Speaking at a press conference Thursday (May 13) at the headquarters of the ECC, downtown Kingston, Chairman of the Commission, Professor Maureen Samms-Vaughn, said the plan, which focused on developmental matters in its initial stage, is now at the end of its second year of implementation.
Chairman of the Early Childhood Commission (ECC), Professor Maureen Samms-Vaughn (left), emphasizing a point while addressing a press conference at the headquarters of the ECC, downtown Kingston, on Thursday, May 13. Beside Professor Samms-Vaughn is Country Representative for the United Nations Children’s Fund (UNICEF), Robert Fuderich.
She noted that the development of the NSP required consultation with stakeholders, parents and teachers. “So we had a lot of background work done, and now we are ready to share with the public the outcomes of those first two years (of implementation,”) she said. Implementation started in 2008.
The ECC Chairman stated that there is much to impart at the NSP mid-term review, including the development of a parenting strategy and parenting standards, as well as a nutrition strategy, which involves the formulation of menus and recipe manuals for all early childhood institutions.
As part of the development of high quality childhood institutions, Professor Samms-Vaughn noted that, through the NSP, standards have been established for early childhood centres, including an inspection process. She added that the ECC has also worked with the National Council on Technical and Vocational Education and Training (NCTVET) to create a level three programme, working with children with special needs.
“So we have so much to share with the public and, while we share with the public, we are also going to talk about the strengths we have identified along the way,” she said. She pointed out that the review will also look at the challenges and how to accomplish the tasks that ECC has set for the next three years.

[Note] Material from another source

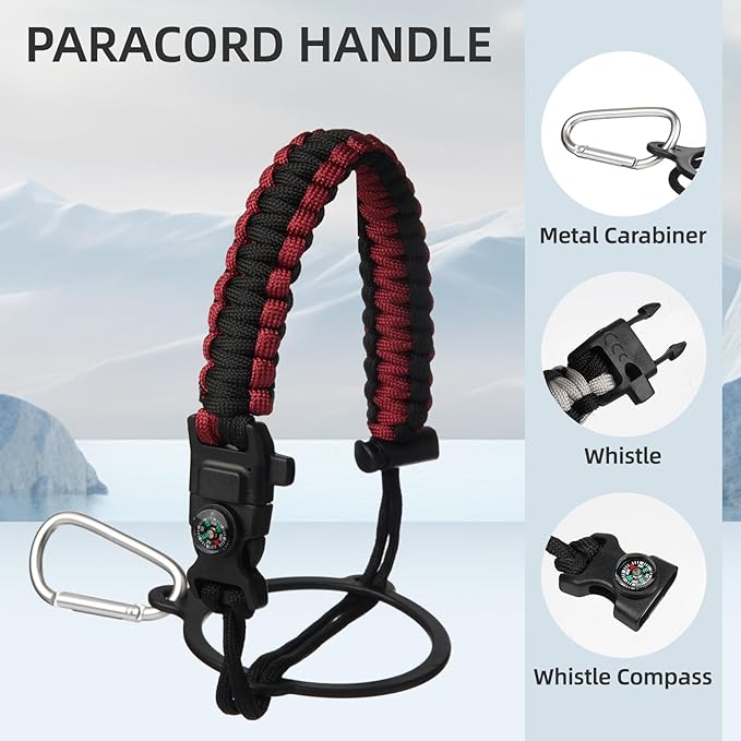 • The large capacity gallon water jug comes in various sizes, including 50 oz, 64 oz, 87 oz, and 128 oz, with a range of colors to choose from according to your need. All sizes of bottles equip with a paracord handle and a pouch for easy carrying

Chairman of the Early Childhood Commission (ECC), Professor Maureen Samms-Vaughn (left),fielding questions at a press conference at the headquarters of the ECC, downtown Kingston on Thursday, May 13. Beside Professor Samms-Vaughn is the United Nations Children’s Fund’s (UNICEF’s), Country Representative, Robert Fuderich.

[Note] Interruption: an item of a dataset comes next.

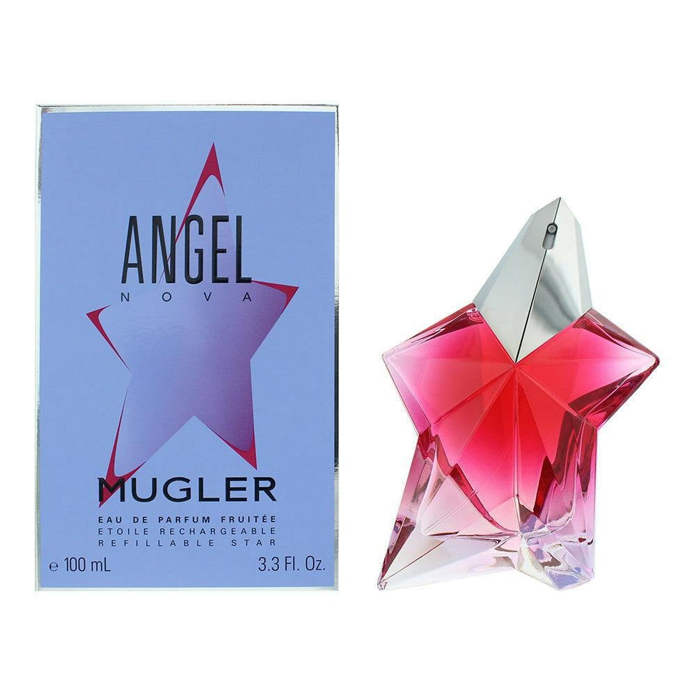 Mugler Angel Nova is a refillable eau de parfum that brings a modern, fruity-floral character to the Angel collection. The scent opens with a vivid burst of raspberry, leading into a rose heart that adds a fresh, petal-like softness. In the base, Akigalawood lends a warm, woody finish with a subtle spicy edge, creating a confident signature that feels both bright and grounded.

Another aspect of the review, the ECC Chairman noted, entails implementing partners, ministries and agencies working with the Commission to look very closely at the next three years, to see what changes are needed, if any.
According to a booklet on the NSP, the Government of Jamaica now spends approximately US$73 million per year on early childhood development. This includes money spent in the health sector, social services and the education sector. The new services provided by the NSP will add US$17 million per year to the cost over the next five years.

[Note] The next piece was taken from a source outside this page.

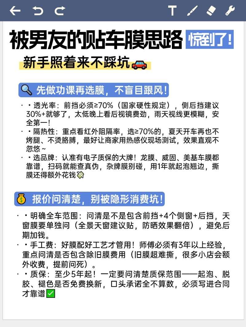 被男友的贴车膜思路惊到了!新手照着来不踩坑🚗谁懂啊家人们!本来以为贴车膜是玄学,结果被男友的贴膜思路狠狠拿捏🤏 全程不慌不忙,每一步都踩在点子上,新手直接抄作业,再也不用怕被商家坑!【来自懂车帝车友圈】
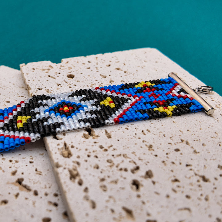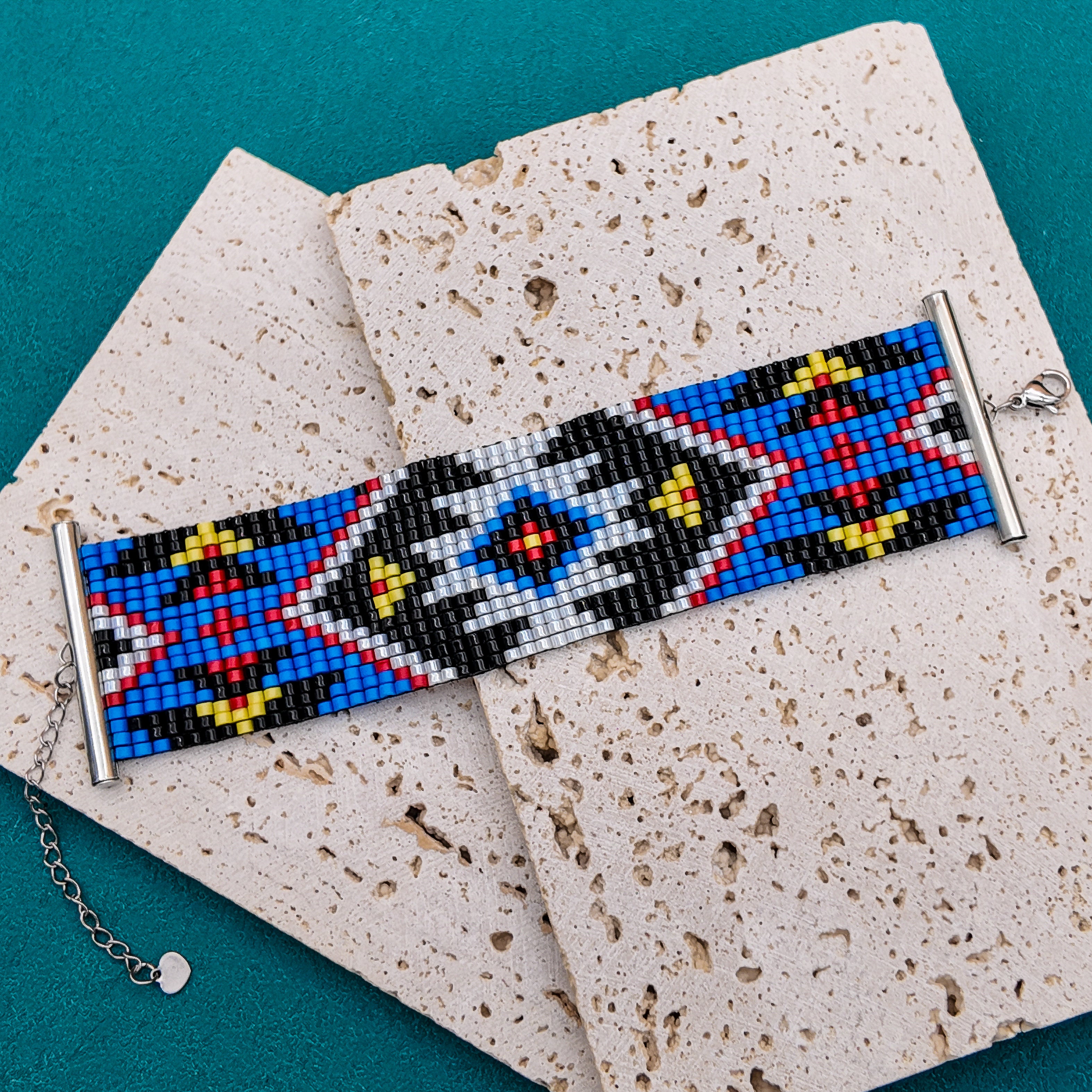 “Sky Pulse” is a signal from above — lightning stitched into pattern, energy caught in color. With striking cobalt blue, bright yellow, crimson red, and crisp white framed in deep black, each bead marks a beat in a rhythm that spans sky, signal, and story.

“The Government of Jamaica will pay a large portion of this from the national budget. However, a World Bank loan of US$15 million will pay for about one-fifth of the additional cost of the NSP. The Commission will be working with local and international donors to fund other aspects of the plan,” the booklet read.
International development partners such as the United Nations Children’s Fund (UNICEF) and the Inter-American Development Bank (IDB), and local development partners, the Culture, Health, Arts, Sports and Education (CHASE) Fund and the Environmental Foundation of Jamaica (EFJ) have also provided support for the NSP implementation.
UNICEF’s Country Representative, Robert Fuderich, said that UNICEF is “very happy” to support the mid-term review, the ECC and Jamaica’s efforts to develop a quality early childhood development strategy.
“Not only are we going to reflect on the first two years, but we will also look at the gaps that we have and how we are going to achieve the goals of the next two to three years to act out the plan,” he said.